Something in your document caught my eye:
" The Tiger release adds greatly enhanced support for smartcards. The
configuration required is much simpler than it was for previous releases,
and in fact, no client-specific customization is required on the clients."
Help me out here, in 10.3 wasn't this easier then current process of editing
config files by hand:
Install Common Access Viewer App
sudo cac_setup
sudo cac_addid username EDI
- Brian
On 5/9/05 2:45 PM, "Shawn Geddis" <email@hidden> wrote:
> Folks,
>
> As has been discussed a few times now on the list, some of you are
> experiencing difficulties in determining why "Login" is not working
> on your system. Others are new to the Smart Card support on Mac OS X
> 10.3.x/10.4.x. This message should address some of the missing
> information, but should also speak of even greater things to come.
>
> Smart Cards on "Panther" - 10.3.x
> ========================
> Many of you have already downloaded my 105-page Smart Card Setup and
> Configuration Guide for Mac OS X10.3.x.
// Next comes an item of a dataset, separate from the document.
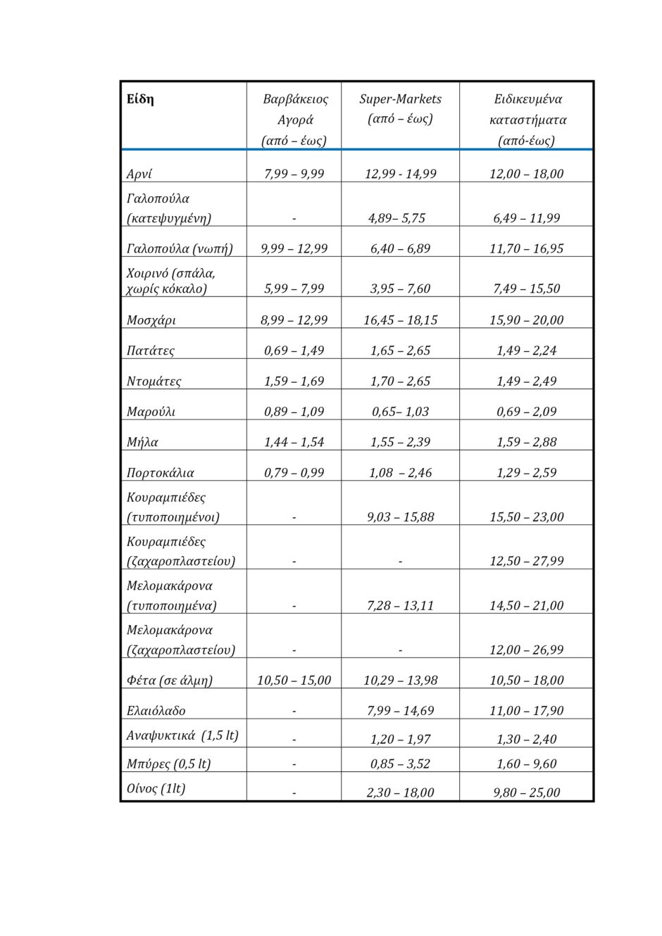 Το εύρος των τιμών δικαιολογείται από την καταγραφή σειράς προϊόντων διαφορετικής ποιότητας, σε αρκετές τοπικές αγορές και διαφορετικούς τύπους καταστημάτων. Επιπρόσθετα, διευκρινίζεται ότι οι τιμές των προϊόντων που εμφανίζονται στους Πίνακες (1 & 2) είναι ενδεικτικές και επιχειρούν να χαρτογραφήσουν τη γενική διάρθρωση τιμών και την εικόνα της αγοράς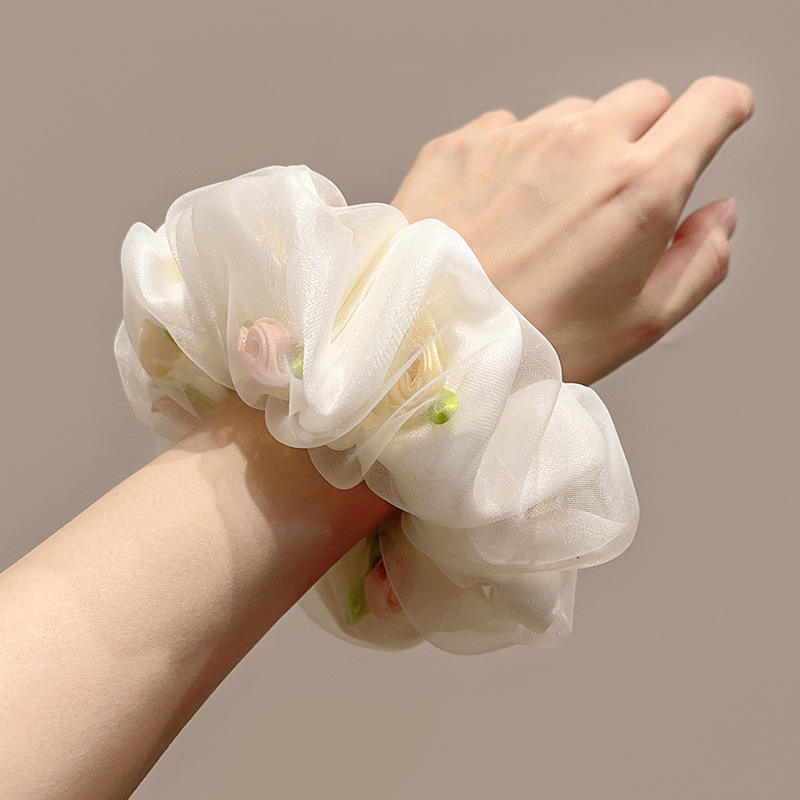 Large Chiffon Flower Hair Band for Kids Fresh and Sweet Bun Hairstyle Hair Accessories Party Style Rubber Band Hair Band

You walks you thru the whole
> process of what configuration changes you need/want to do as well as
> discuss the Smart Card Readers supported.
>
> Much of the Smart Card Services in 10.3 are largely reliant on direct
> PKCS#11 (direct hardware access) as many of you needed to configure
> the supplied PKCS#11 plugin to be used by your desired Netscape/
> Mozilla/Firefox/Thunderbird/... variant. 10.3.x does provide
> cryptographic login using the Smart Cards when you configure that
> system using the cac_setup & cac_addid commands within terminal.
>
>
> Smart Cards in "Tiger" - 10.4.x
> =====================
> Smart Cards (CAC, GSCIS, PIV, JPKI, BELPIC, ....) are all abstracted
> as keychains for access by any application utilizing Mac OS X's built
> in Cert/Key & Keychain APIs (i.e. Entourage 2004). The architecture
> has changed, but largely from the abstraction layers on top of what
> was already there before. Users and Sys Admins have far less to do
> or worry about than they did with 10.3.x.
>
> Smart Card Services Provided in "Tiger" -10.4.0
>
> * Cryptographic Login to local/network-based accounts (more
> info to follow below)
> * S/MIME -- Signing and Encrypting of Mail Messages
> Leading Applications supporting this
> -- Mail.App (Apple)
> -- Entourage 2004 (Microsoft)
> -- Netscape/Mozilla/... software train still
> works as well...
> * Secure Web Access / Client Side Authentication
> -- Safari (Apple)
> -- Netscape/Mozilla/... software train still
> works as well...
> * VPN (PPTP, L2TP, 802.1X, .... VPN On Demand)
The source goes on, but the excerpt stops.